For a very long time, I wondered why Namibia was known as “Land of The Brave.” It did not take long to figure that out. A drive from Swakopmund to Skeleton Coast located on the eastern side of the country had answers for me.
The drive on its own offered amazing views of natural wide-open spaces that could not compare to anything I had seen before.
The long salt roads we drove on offered a view of the Atlantic ocean with rough crashing waves, strong blazing winds and on the other side, endless sand dunes that were complimented by rocky hills.
Driving across these plains that offer two worlds that one may not wish to get lost in, one gets to wonder if the ocean really covers 70 percent of the earth. One can as far as the eye could see on the endless waters of the Atlantic, then another look on the endless desert dunes.
I heard sounds of Elemotho, Namibia’s very own born musician who sings in Setswana language mixed with Namibia languages, helping me appreciate the majestic ancient open spaces. After a couple of hours on the road, we reach Skeleton Coast National Park. This is where we stopped to celebrate the first 3000km on the road.
Upon arrival, we hear of a car that crashed a few hours earlier and killed two people. We get our permits and proceed inside the national park. For some reason the place feels very strange. I get a feeling that someone is watching us. The first shipwreck we discover is in Toscani named shipwreck Montrose II that sank in 1973.

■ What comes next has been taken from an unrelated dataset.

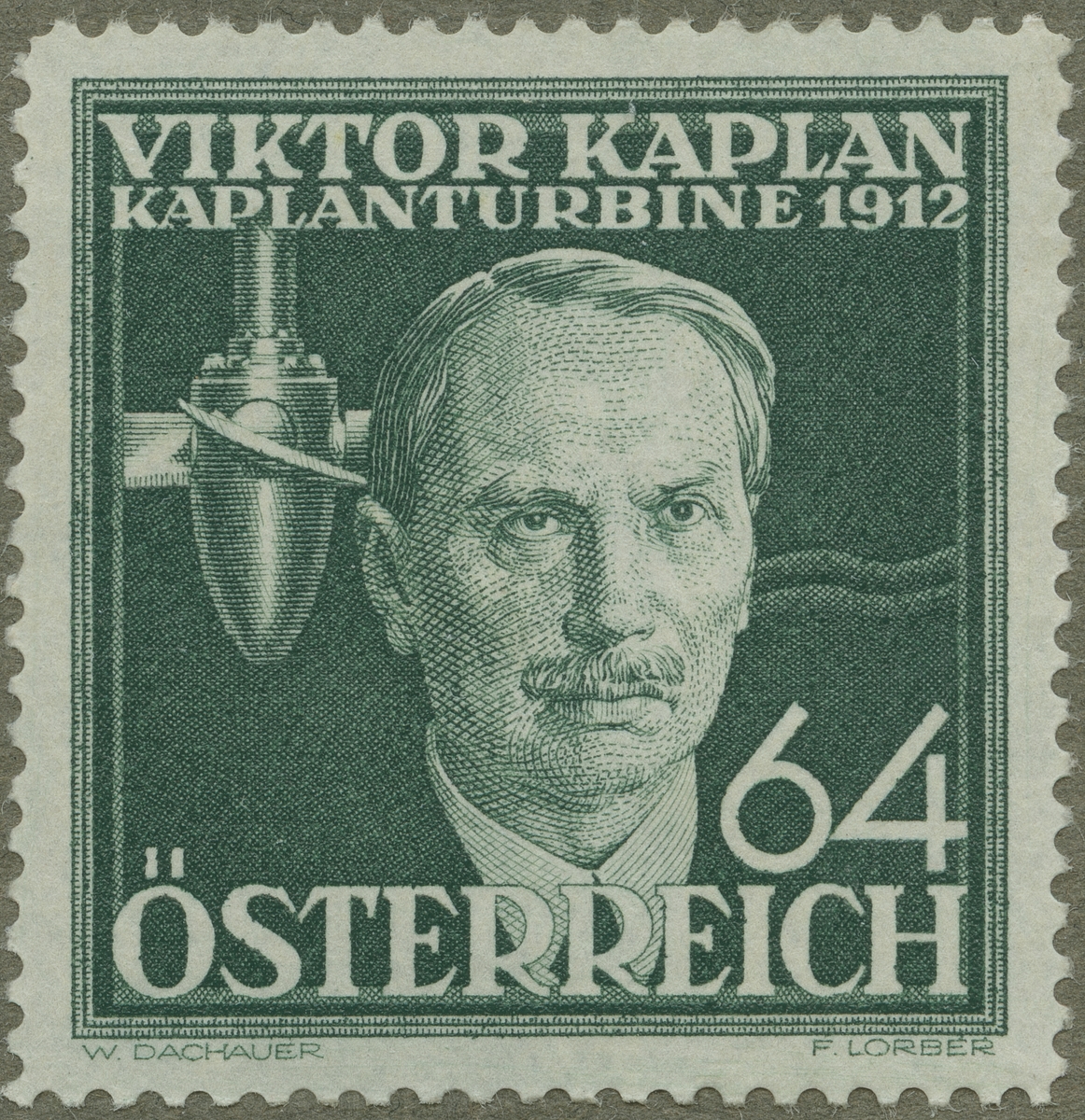 Frimärke från Österrike, 1936. Motiv av Viktor Kaplan: 1876-1934. Österrikisk ingeniör. Kaplanturbinen 1912. Vattenturbin med under drift omställbara skovlar.

The nuts and bolts on the wreck are shining like new pennies. The ropes are still intact but the body of the ship is destroyed. We capture images at twilight. We proceed again racing against time and to discover the Toscani mine. It is not a surprise that there was a mine here. The oily soil sticks to the vehicle wheels and anything that comes in contact with it.
A couple of kilometres ahead, we discover yet another shipwreck named Shipwreck Henrietta that sank in 1968 along Palgrave Point. Under the cover of darkness, we spot jackals crossing the desert heading for the waters of the mighty Atlantic Ocean. The winds seem to pick up as we proceed on the gravel road heading for Terrace Bay.
We arrive in Terrace Bay and se up camp. It is windy and cold and I was feeling hungry. Tuna fish was dinner with some bread and a couple of whiskey shots to warm myself up. I had a peaceful night under the stars while my companion, Mpho Tlale, could barely sleep as the Skeleton Coast spooked her.